Product of Trump strategy
Explaining the dynamics surrounding the evident surge in such night raids, Brig. Retired Mohammad Arif, an Afghan army veteran and defense analyst, told Anadolu Agency, that this rise in violence came on the heels of U.S. President Donald Trump’s South Asia strategy announced in 2017.
"The strategy was focused [...] the aerial operations both by the U.S. and Afghan forces to force the Taliban in coming to the negotiation table,” he said.
Thousands of Afghans in affected areas such as Kunduz, Paktika, Maidan Wardak, Ghazni, Kunar and Nangarhar provinces have held multiple street protests against such deadly air and ground offensives by the government forces.
For the first time since the UN Assistance Mission in Afghanistan started keeping records in the war-ravaged country, the civilian casualties caused by the pro-government forces in the first quarter of 2019 surpassed those caused by the Taliban insurgents and other anti-government forces.
This UN report documented a total of 1,773 civilian casualties (581 deaths and 1,192 injured), including 582 child casualties (150 deaths and 432 injured) between Jan. 1 and March 31 this year. It said pro-government forces carried out 43 aerial operations in the first quarter of 2019 that resulted in 228 civilian casualties (145 deaths, 83 injured), with international military forces responsible for 39 of these operations resulting in 219 civilian casualties (140 deaths, 79 injured).

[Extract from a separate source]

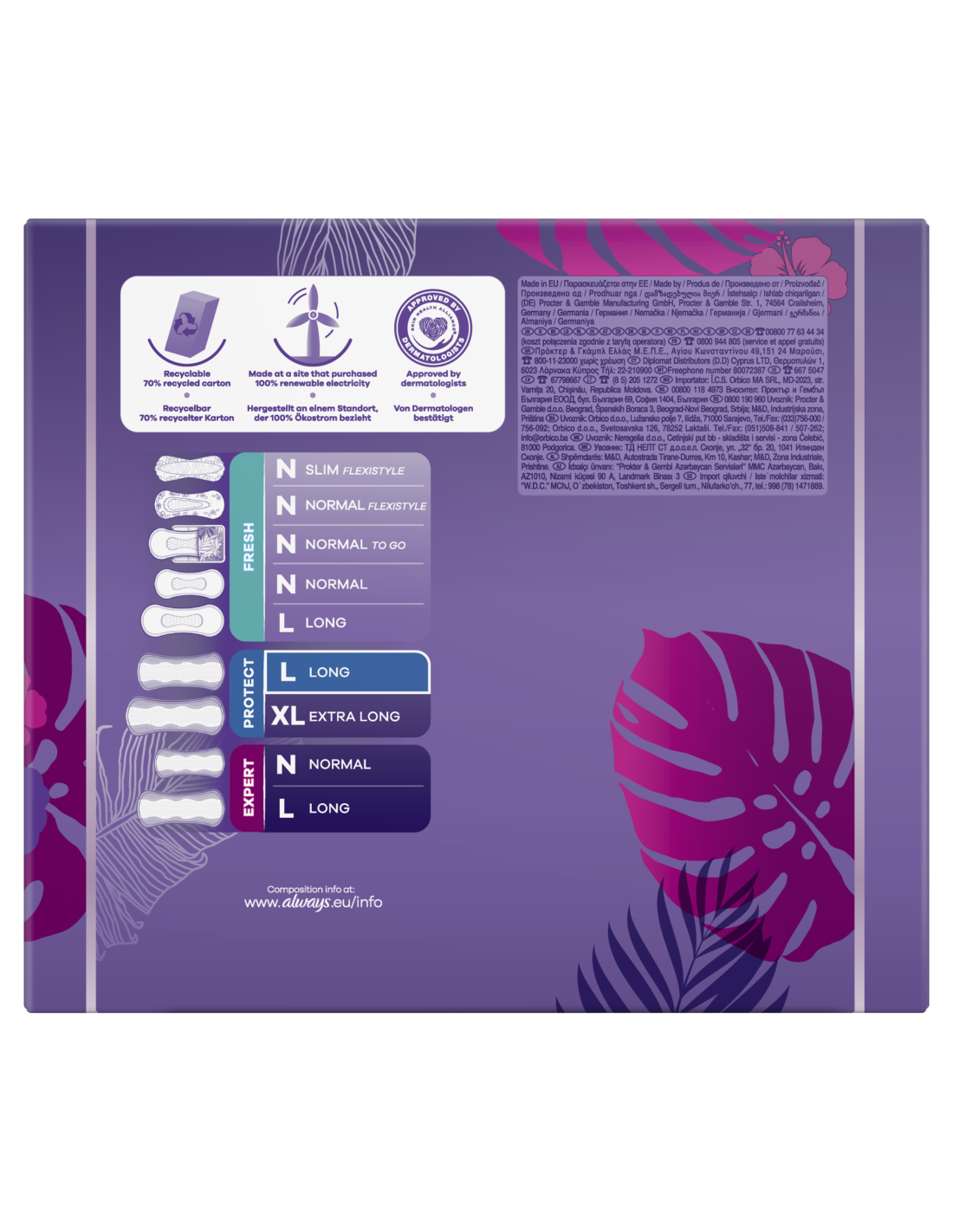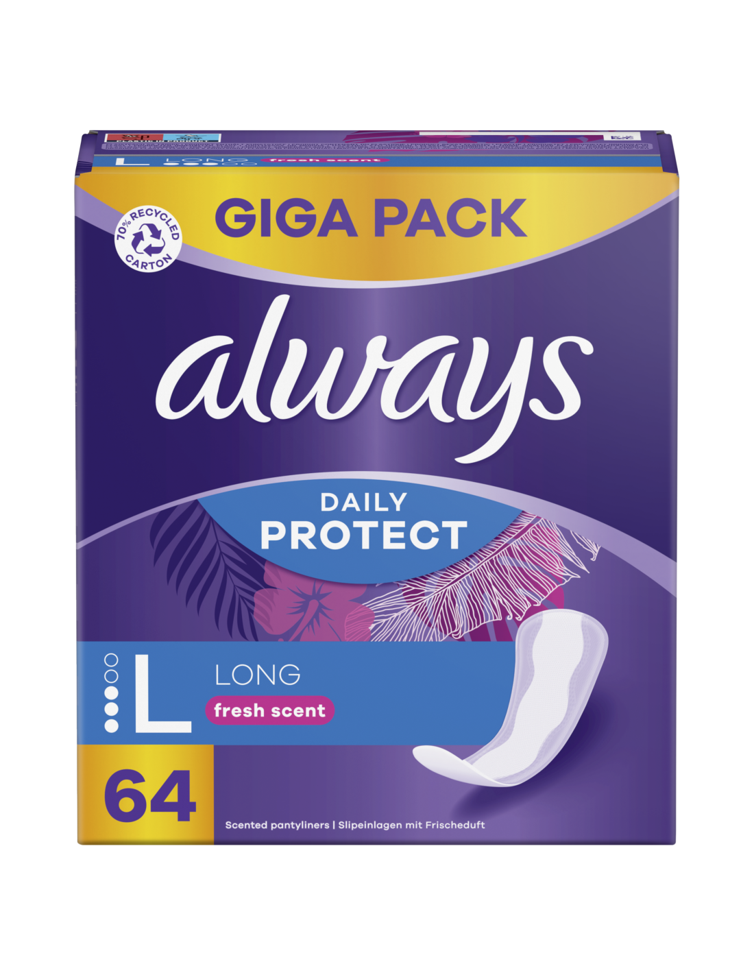 Always Daily Protecti Long pesukaitsetega oled kogu päeva jooksul kaitstud. Pesukaitsetele on lisatud pikkust ja laiust, et tagada suurem katvus, ning meie enda välja töötatud värske lillelõhn Imava ala ja külgkaitsetega pesukaitsed pakuvad igapäevast kaitset tupeeritise, ebakorrapärase või kerge menstruatsiooni ja kerge uriinipidamatuse korral. Naudi puhaste aluspükste värskusetunnet!

Top Afghan officials, including President Ghani, acknowledge potential civilian casualties in night raids, but claims these raids offer them an edge over insurgents.
High-profile targets hit
Defense Minister Assadullah Khalid told reporters in Brussels last week that often insurgents and terrorists such Al-Qaeda's head for the Indian sub-continent Asim Omar are counted as ‘civilians’.
Afghan intelligence agency claimed last month that Omar, a Pakistani citizen with Indian roots, has been killed along with six other terrorists in Helmand province on Sept. 23 in an air raid.

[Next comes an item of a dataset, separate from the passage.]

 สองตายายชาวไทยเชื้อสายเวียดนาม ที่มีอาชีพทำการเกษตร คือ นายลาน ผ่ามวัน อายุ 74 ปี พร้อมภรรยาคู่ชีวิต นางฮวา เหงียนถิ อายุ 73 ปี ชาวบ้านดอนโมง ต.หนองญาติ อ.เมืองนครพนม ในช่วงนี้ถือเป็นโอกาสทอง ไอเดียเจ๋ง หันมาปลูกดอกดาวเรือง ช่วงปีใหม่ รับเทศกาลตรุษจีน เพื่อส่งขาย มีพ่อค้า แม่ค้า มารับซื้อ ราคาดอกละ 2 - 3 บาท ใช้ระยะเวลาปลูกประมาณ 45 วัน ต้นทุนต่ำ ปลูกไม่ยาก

Human Rights Watch has documented at least 14 cases of serious abuses from late 2017 to mid-2019 committed by the Afghan forces backed by the CIA.
In a report, They’ve Shot Many Like This: Abusive Night Raids by CIA-Backed Afghan Strike Forces, it urged both Kabul and Washington to immediately disband and disarm all paramilitary forces that operate outside the ordinary military chain of command and cooperate with independent investigations of all allegations of war crimes and other human rights abuses.
According to Afghanistan's own Independent Human Rights Commission, the past six months were the deadliest months for civilians in Afghanistan with 6,487 civilians, including women and children, were killed and injured (1,611 killed and 4876 injured) during the armed conflict in the country.
The Afghan government has vowed to investigate these claims.